Dort habe sie mitgeteilt, dass sie kaum Angaben machen könne, weil das Verfahren – ein Vorfall aus Januar 2020 – in Dänemark noch nicht abgeschlossen sei. Zudem habe sie erwähnt, dass ein Vernehmungsprotokoll existiere. „Dieses wurde der Kammer von den dänischen Behörden bislang nicht zur Verfügung gestellt“, so der Gerichtssprecher.

Nebenklagevertreter Christian Hecken spricht von einem „Skandal, der seinesgleichen sucht.“ So soll die dänische Polizei kurz vor der Tat gewarnt worden sein. „Mein Eindruck ist, dass sie versuchen, etwas zu vertuschen“, lautet sein Vorwurf. In einem offiziellen Brief hat er sich nun an den dänischen Justizminister Peter Hummelgaard gewandt und Konsequenzen gefordert – bislang ohne Reaktion.

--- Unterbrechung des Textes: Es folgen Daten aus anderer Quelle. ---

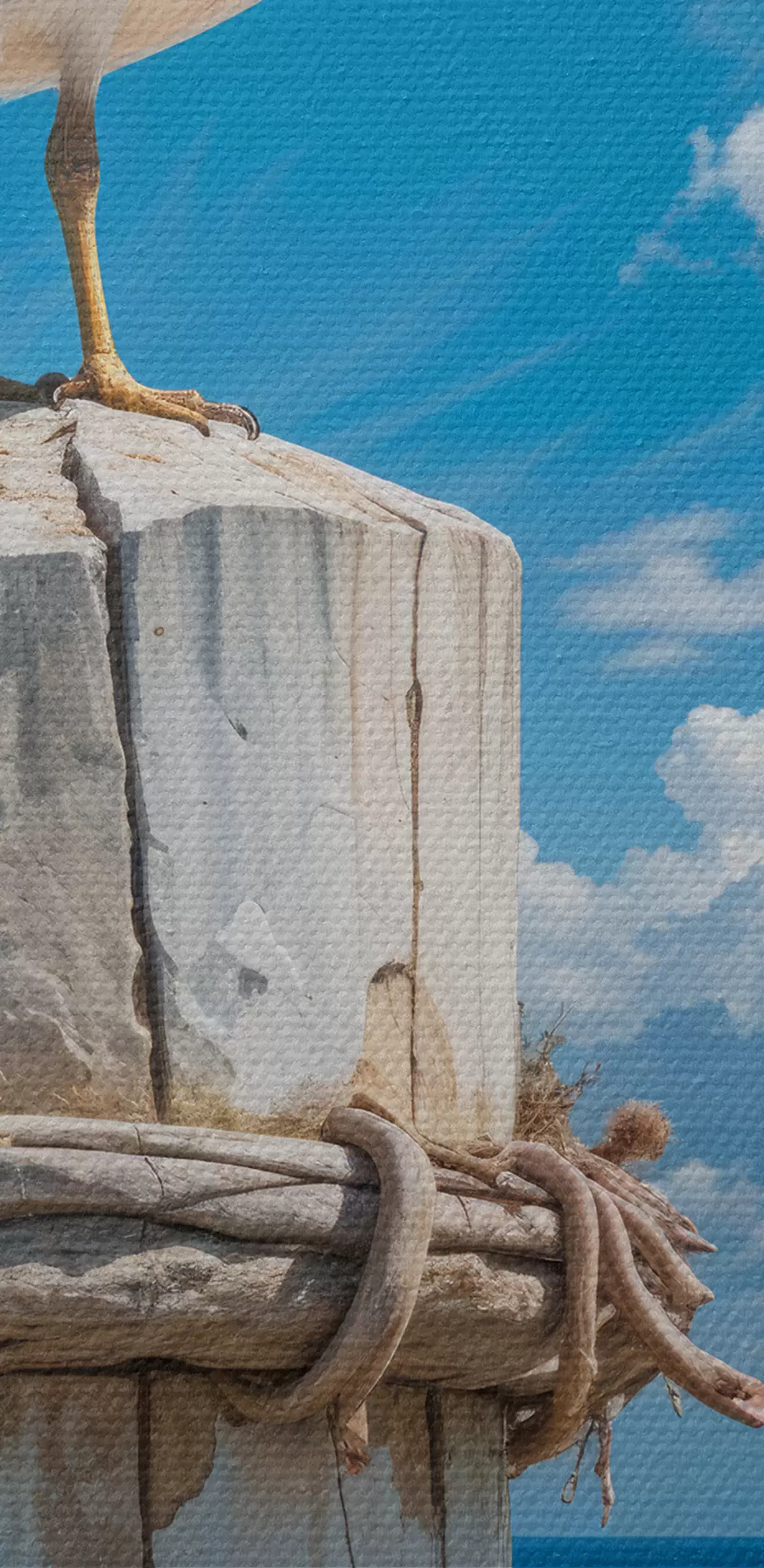 Pictură pe pânză Un pescăruș alb cocoțat pe un stâlp de lemn pe un cer albastru strălucitor și un ocean cu valuri Nr s40590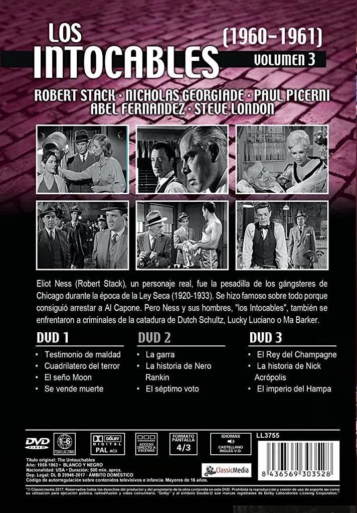 https://dvdstorespain.es/es/series-dvd-blu-ray/38419-los-intocables-1960-1961-vol-3-dvd--8436569303528.html38419Los Intocables (1960-1961, Volumen 3) [DVD] (1959) The UntouchablesSerie de TV (1959-1963). 4 temporadas. 119 episodios. Eliot Ness (Robert Stack), un personaje real, fue la pesadilla de los gángsteres de Chicago durante la época de la Ley Seca (1920-1933). Se hizo famoso sobre todo porque consiguió arrestar a Al Capone. Pero Ness y sus hombres, "los Intocables", también se enfrentaron a criminales de la catadura de Dutch Schultz, Lucky Luciano o Ma Barker. https://dvdstorespain.es/514411-home_default/los-intocables-1960-1961-vol-3-dvd-.jpg11.405instockLlamentol11.40511.405002017-12-30T15:44:51+0100/Inicio/Inicio/DVD/Inicio/Series de TV/Inicio/Nuevos/Inicio/VELADA SP 20/Inicio/VELADA DE 30/Inicio/VELADA FR 30/Inicio/VELADA IT 30

Offizielles Rechtshilfeersuchen bislang ohne Erfolg

Nach Angaben des Landgerichts hat es bereits Versuche seitens der Staatsanwaltschaft gegeben, über ein offizielles sogenanntes Rechtshilfeersuchen an Informationen über mögliche Vorerkenntnisse des Angeklagten in Dänemark zu gelangen. „Die Kammer ist davon ausgegangen, dass eine Unterstützung durch die dänische Polizei auch ohne ein (weiteres) Rechtshilfeersuchen stattfinden wird, da von den dänischen Strafverfolgungsbehörden bereits erste Informationen über diese mutmaßlichen Vorfälle übermittelt worden waren“, so Gerichtssprecher Wolf.

Inzwischen hat auch die dänische Tageszeitung „Berlingske“ über den Vorfall berichtet. „Opsigtsvækkende konflikt mellem dansk politi og tysk domstol i drabssag“ heißt es in der Schlagzeile. Auf Deutsch: „Erschreckender Konflikt zwischen dänischer Polizei und deutschem Gericht im Mordfall“.

Doch wie geht es jetzt weiter? Die Kammer erwäge nun, zunächst erneut auf das bereits vorliegende Rechtshilfeersuchen zu verweisen, so Gerichtssprecher Wolf. Anschließend würde gegebenenfalls ein weiteres Ersuchen gestellt werden.